-- BRIEF --
The output should match, line for line, the records from the line containing "Tieto transparenty vystavené" through the line containing "Además, en otro", with every picture left out.
Top of PROVIDED ENTRIES
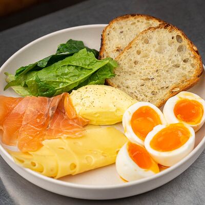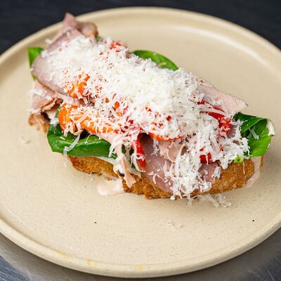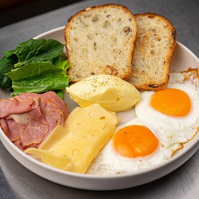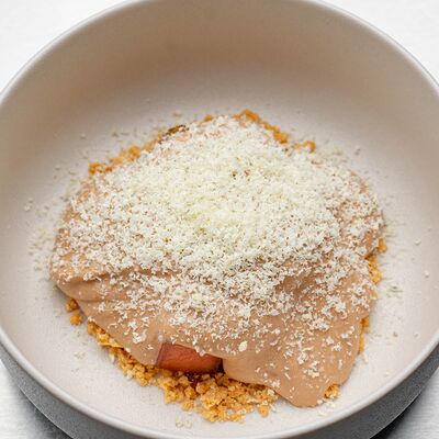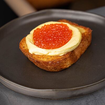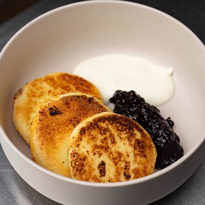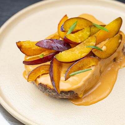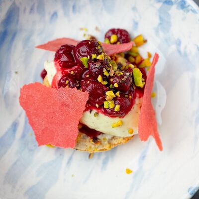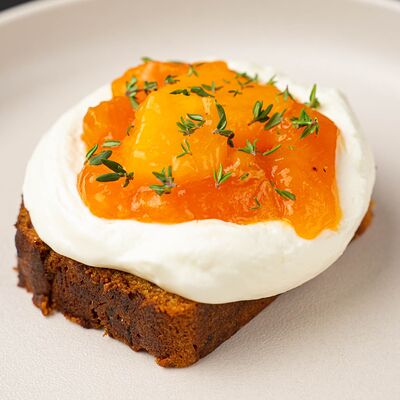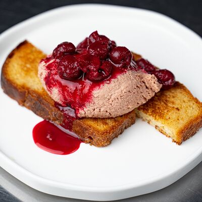 Куриный паштет, вишневое варенье, хлеб бриошь
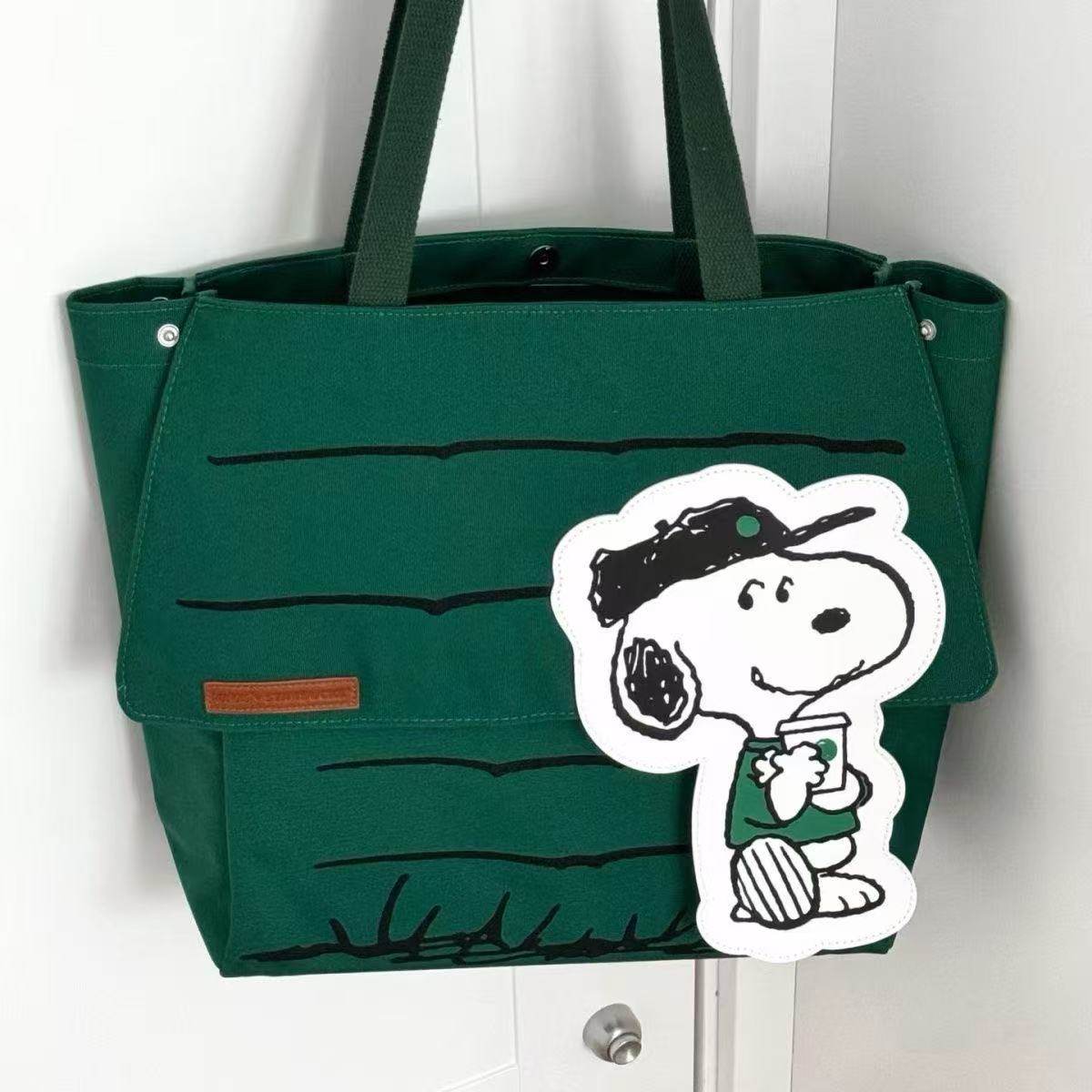 日系星巴克联名史努比新品托特帆布包大容量肩包学生通勤妈咪包
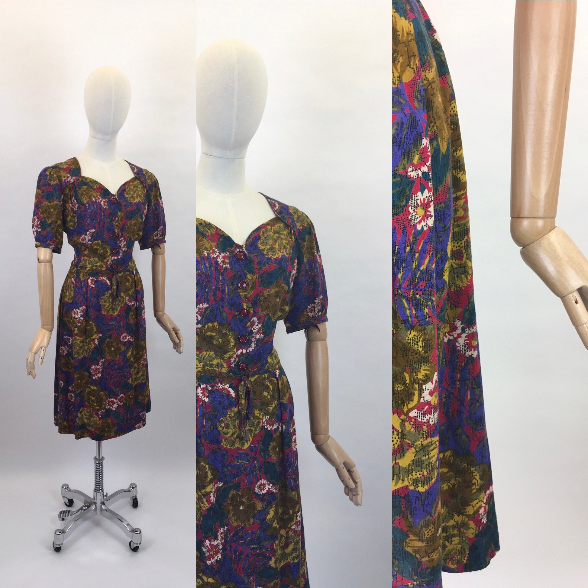 Vintage 1940s beautiful dress made from a floral soft brushed cotton. Featuring a lovely scalloped front detailing, shoulder pads, button front to the waist, belt, pleats to the skirt and a short sleeve. Fastens with small press studs to the side. The floral is exquisite and incorporates a lovely warm colour pallet of deep reds, mustards, rich purples and stencilled blacks, great for wearing with various accessories.
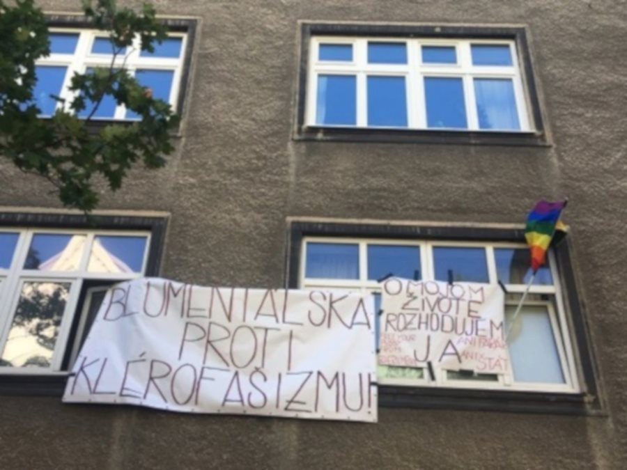 Tieto transparenty vystavené v oknách svedčia o tom, že nie všetci majú na iniciatívu KBS rovnaký názor...
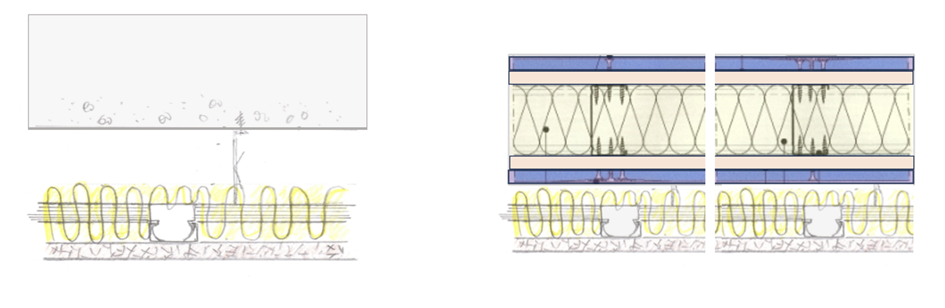 Además, en otro campo acústico, el aislamiento al ruido de impacto es fundamental para garantizar el confort acústico. Este requisito, incorporado en la norma IRAM 4044, y debe ser respetado porque hace la diferencia al confort acústico. Por eso, comenzamos el proyecto definiendo un sistema de aislamiento al ruido de impacto para todas las losas de hormigón armado nervuradas del complejo de salud.
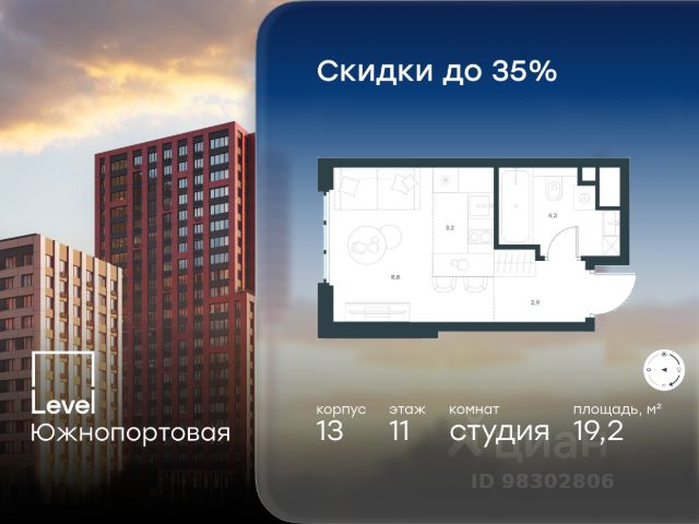 В северной части района Печатники продается студия-апартамент площадью 19.20 кв.м без отделки. Апартаменты расположены на 11 этаже 23-этажного корпуса 13 в жилом комплексе комфорт-класса Level Южнопортовая (компания Level Group/Левел групп). Отличная транспортная доступность: - 10 мин. пешком до станции метро "Кожуховская"; - 20 мин. пешком до станции МЦК "Дубровка"; - 3 мин. на авто до ТТК; - 13 мин. на авто до Садового кольца; - 15 мин. на авто до Бульварного кольца. Продуманный архитектурный проект: - авторская архитектура от бюро СПИЧ; - уникальные виды на реку, парки и достопримечательности города; - высота потолков в квартирах до 6 м; - окна высотой до 1,87 м с высоким коэффициентом сопротивления теплоотдаче. Расположение: Level Южнопортовая строится в северной части района Печатники - самой приближенной к центру. Здесь будет сформирован новый район "Южный порт", где построят крупный жилой и общественно-деловой центр, аналогичный Москва-Сити. В течение 10-12 лет в этом месте появятся не только жилые дома, но и развитая инфраструктура для жизни и работы. А еще совсем рядом находится набережная Москвы-реки, где планируется построить причалы для речных трамвайчиков и канатную дорогу. Уже сейчас вокруг жилого комплекса работают десятки магазинов и торговых центров, рядом расположено 6 парков, среди которых музей-заповедник "Коломенское". В 10 минутах пешком - 2 муниципальных и 2 частных детских сада, 7 общеобразовательных школ. Внутренняя инфраструктура: Для отдыха жителей в каждом корпусе предусмотрено лобби, оснащенное местами для отдыха, гостевыми санузлами и лапомойками, а в отдельных корпусах - камином. За счёт больших окон и высоких потолков пространства будут наполнены воздухом и светом. На первых этажах жилого комплекса откроются магазины, салоны красоты, фитнес-центр. Для детей строятся собственные детский сад и школа. Благоустройство: Внутренний двор комплекса разработан совместно с бюро GAFA. Основная идея - создать аналог Центрального парка в Нью-Йорке, гармонично сочетая высотные здания и большое изолированное парковое пространство. Вся площадь двора-парка будет огорожена и составит более 2 га, из которых 45% - озеленение. Одним из самых важных ландшафтных элементов здесь станет небольшая речка, наполняющаяся во время дождя. Вокруг неё появится сеть из островов, внутри которых расположатся тематические зоны спорта и отдыха. Технологии и инженерия: - автоматическая передача в управляющую компанию показаний квартирных счётчиков; - телефонная связь, телевидение и интернет на базе оптической мультисервисной сети; - гостевой Wi-Fi в лобби и на территории двора; - единый ключ доступа для входа на территорию комплекса.
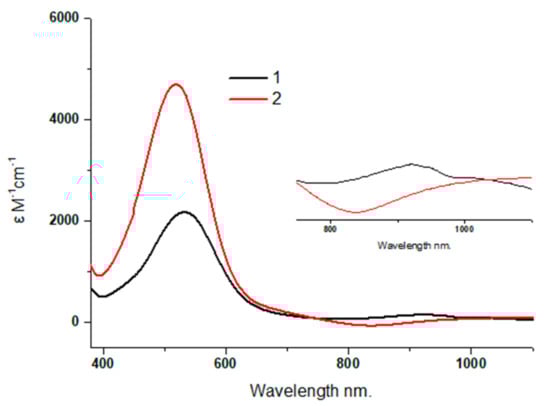 The IR spectra of 1 and 2 (Figure S1) display sharp bands at 630 cm−1 and 635 cm−1, respectively, corresponding to ρ (rocking out of plane) of the mp ligand [60]. The typical νC-S stretching frequencies are observed at 1048 and 762 cm−1 for 1 [39], and at 1074 and 758 cm−1 for 2 Ref [39,61]; whereas the torsion frequencies of C-C and C-N of the bipyridine ligands are displayed at 722 cm−1 and 731 cm−1 for 1 and 2, respectively [62]. The strong peaks in the region between 1650 cm−1 and 1300 cm−1 are due to the νC-C and νC-H of diimine ligands, suggesting their complexation to metal ion. The νNi-S and νNi-O stretching frequencies are usually observed under 450 cm−1; thus they are not displayed in the given IR spectra. The νC = C at 1438 cm−1 and 1460 cm−1 for complexes 1 and 2, respectively, are in accordance with the dianionic form of the mp ligand [60]. The IR spectra fully support the molecular structures given in Figure 1. The high resolution QToF electrospray mass spectra in positive mode in CH3CN show ion peaks at m/z 339,010 and at 367,011 for 1 and 2, respectively, and isotope distribution patterns (Figure S2a,b) which are in accordance with the proposed structure of both complexes. Figure 2 illustrates UV-Vis spectra of both complexes in DMF indicating three transitions for 1 and two for 2. The transition bands at 532 nm (ε = 2178 M−1cm−1) and 519 nm (ε = 4698 M−1cm−1) for compounds 1 and 2, respectively, are assigned as ligand-to-metal charge transfer (LMCT) indicating a rather high molar absorptivity compared to the homoleptic complexes. On the other hand, the absorption band at 920 nm (152 M−1cm−1) for 1 and at 1020 nm (87 M−1cm−1) for 2 is attributed to a ligand-to-ligand charge transfer (LLCT) transition, namely from mp ligand to bpy one [63,64]. Moreover, the CH3 substituents on bpy ligand cause a red shift to these LLCT bands (2 vs. 1), as has already been observed in dithiolene complexes [9,65,66]. A third band appeared at 1008 nm for complex 1 with ε = 77 M−1cm−1. The low molar absorptivity values of the LLCT bands further support the dianionic form of the mp ligand [48,67,68].
Bottom of PROVIDED ENTRIES
-- SOLUTION FOR THIS PROBLEM --
 Tieto transparenty vystavené v oknách svedčia o tom, že nie všetci majú na iniciatívu KBS rovnaký názor...
 Además, en otro campo acústico, el aislamiento al ruido de impacto es fundamental para garantizar el confort acústico. Este requisito, incorporado en la norma IRAM 4044, y debe ser respetado porque hace la diferencia al confort acústico. Por eso, comenzamos el proyecto definiendo un sistema de aislamiento al ruido de impacto para todas las losas de hormigón armado nervuradas del complejo de salud.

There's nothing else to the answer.